Armstrong réfère explicitement à la politique d’intensification de l’enseignement de l’anglais du gouvernement Godbout qu’elle qualifie de « courageuse » :

Realizing, since the French collapse, that French Canada could afford less than ever to remain isolated, the Godbout government has initiated a campaing for a greatly increased teaching of English in the provincial schools. It has been realized for a long time that English was inadequately taught to French Canadians outside the metropolitan centers of Montreal and Quebec (p. 2).
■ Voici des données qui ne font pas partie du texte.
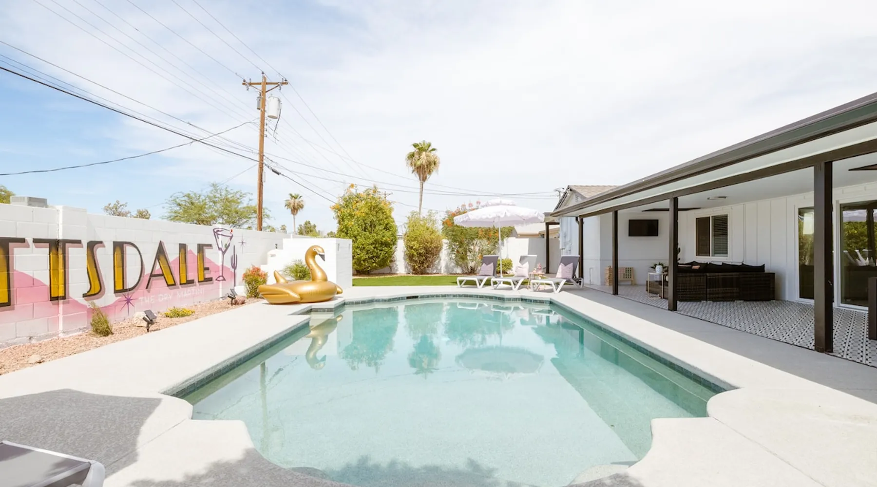 Welcome to your relaxing Scottsdale retreat - a calm, family-ready space near local highlights and desert quiet. - Sleeps 9 | 4 bedrooms | 6 beds | 2 baths - Private outdoor pool - heated & available all year - Fully fenced backyard w/ patio, BBQ & outdoor seating - Kitchen, dining table & dedicated workspace - Wifi, TV w/ YouTube TV & board games - Pet-friendly The space Soft desert light moves gently through the windows as each winter morning begins, giving you a quiet place to settle in before stepping out into the cool, still air of Scottsdale. Evenings feel calm and unhurried, with the fenced backyard offering a peaceful spot to unwind beside the private outdoor pool that remains available all year. Whether you're relaxing inside or taking in the quiet rhythm of the neighborhood, the home provides an easy, welcoming setting for a seasonal retreat. Sleeping arrangements Up to 9 guests can rest comfortably across four bedrooms, each created with ease and relaxation in mind. The primary suite offers a king bed, an en-suite bathroom with a walk-in shower and freestanding tub, and direct access to the backyard. A second bedroom also features a king bed, while the remaining two bedrooms each include a full bed paired with a twin bed, giving families and groups flexible options. Two full bathrooms support your stay with convenience and privacy. Outdoor living The fully fenced backyard invites you to enjoy winter moments outside, whether you're taking a refreshing swim in the private outdoor pool or settling into the outdoor furniture with the cool seasonal air around you. The BBQ grill adds a simple way to prepare meals outdoors, and the private patio offers an open, relaxed space to spend time together. Kitchen & dining A spacious kitchen equipped with stainless steel appliances and two large islands creates a practical setting for cooking and gathering. The indoor dining table provides a comfortable place to share meals, while the outdoor seating area gives you a quiet view of the backyard. With everything you need for everyday cooking, meal preparation feels natural and unhurried. Entertainment & work You can stay connected with Wifi, an Ethernet connection, and a TV with YouTube TV for streaming. A dedicated workspace located in a room with a door allows you to focus as needed, and board games offer a simple way to enjoy time together. Family-friendly amenities Families will find thoughtful touches throughout the home, including a crib, Pack ’n Play, folding or convertible high chair, children’s dinnerware, and room-darkening shades. Extra linens and essentials help support longer stays with ease. Comfort & convenience Central air conditioning, central heating, ceiling fans, and portable fans help maintain a comfortable environment throughout the home. An in-unit washer and dryer, along with an iron and drying rack, make day-to-day routines simple. The home is equipped with smoke and carbon monoxide alarms, a fire extinguisher, and a first aid kit, and an exterior security camera by the front entrance along with indoor and outdoor noise sensors help support safety while respecting privacy. Neighborhood Located in a quiet Scottsdale neighborhood, the home places you within easy reach of Old Town Scottsdale, the Desert Botanical Garden, restaurants, golf courses, and other local attractions. It serves as a calm base to explore the area before returning to a peaceful space at the end of the day. Perfect for Families, groups, and travelers seeking a pet-friendly stay with a private outdoor pool and a quiet desert setting will find this home well suited for rest, connection, and comfort during the winter season. 🛎️ We are happy to offer a few optional upgrades to make your stay even more enjoyable! • Pool Heating: Available from October 15th to May 15th for an additional $75 per day. Please let us know at least 48 hours before check-in if you’d like the pool heated and ready for your arrival. • Early Check-In: Want to start your vacation early? We offer early check-in for a flat fee of $145, based on availability. Please reach out if you’re interested and we’ll confirm if early access is possible for your stay. If you choose to add one of these options, we’ll send a secure payment request through Airbnb. You’ll receive an email directly from Airbnb with a link to complete the payment safely and easily. If you experience any issues with the Airbnb payment system, please let us know right away — we’re happy to help! SISTER PROPERTIES: Please check out our other 30+sister properties if you are looking for something different. We will gladly accommodate you and your group. Other things to note: Toaster, Dishwasher, Dishwasher detergent, Coffee Maker, Microwave, Blender, cooking essentials, Silverware, Plates, Bowls, Glassware - Outdoor dinnerware - Condiments, Coffee, Tea, Oils, Spices, Filtered Water - Washer, Dryer, Clothing Detergent, Iron, Ironing Board - Soap, Shampoo, Conditioner, Body Wash, Hair Dryer in each Bathroom - Extra Bed Linens, Pillows, Blankets, Bath & Pool Towels - Outside BBQ Grill - Private Pool with floaters- Pack N Play- Games. Literally everything you'd expect to have at home! **Additional Services that we offer when staying at this property: Ask us about the link to be able to view and book our Concierge Services to include the following: -Fridge Stocking: Don’t waste your precious vacation time at the grocery store! Walk into your home with a fridge/pantry stocked with all your favorite drinks and food. Inquire for more details. -Decoration Packages: we offer a decoration package for bachelorette and birthday celebrations! To make sure to WOW the bride, we guarantee that the set up will be completed before check-in time. Looking for something even more extravagant? We've partnered with a local decoration company to make your dreams come true. Let us help you create a magical experience! - Private Yoga: We have a partnership with an amazing

La compréhension du « problème » québécois, conclut Armstrong, est essentielle à toute volonté de collaboration canado-américaine dans un objectif de défense : « It will be interesting to see whether the intelligent modern leadership exemplified by Mr. Godbout, or a narrow obscurantist nationalism, have more force with French Canadians during these critical times. Possibly the successor failure of plans for hemisphere defense may hinge upon this issue » (p. 2).

4.7. Conclusion

La querelle entourant la réforme de l’enseignement de l’anglais au Québec s’estompera progressivement en 1942 dans la foulée du plébiscite sur la conscription et quelques mois avant l’adoption de la Loi sur l’Instruction publique obligatoire en 1943. Néanmoins, cette question de la nécessité relative du bilinguisme, comme de ses effets, demeurera d’actualité et pavera ultimement la voie à une intensification du débat linguistique, vers la fin des années 50. Le prochain chapitre aborde cette seconde partie de la genèse historique des cadres. Il s’amorce peu avant la Révolution tranquille et s’étend jusqu’aux années 2000, pour se terminer lors de l’adoption de la mesure d’enseignement intensif de l’anglais par le gouvernement Charest en 2011. Au cours de cette période, le contexte international de mondialisation fait en sorte que le métacadre libéralisant se transforme peu à peu en métacadre globalisant. Nous verrons ainsi comment le débat sur cet enjeu passe d’un contexte dominé par un métacadre nationalisant à un contexte où le métacadre globalisant semble s’imposer.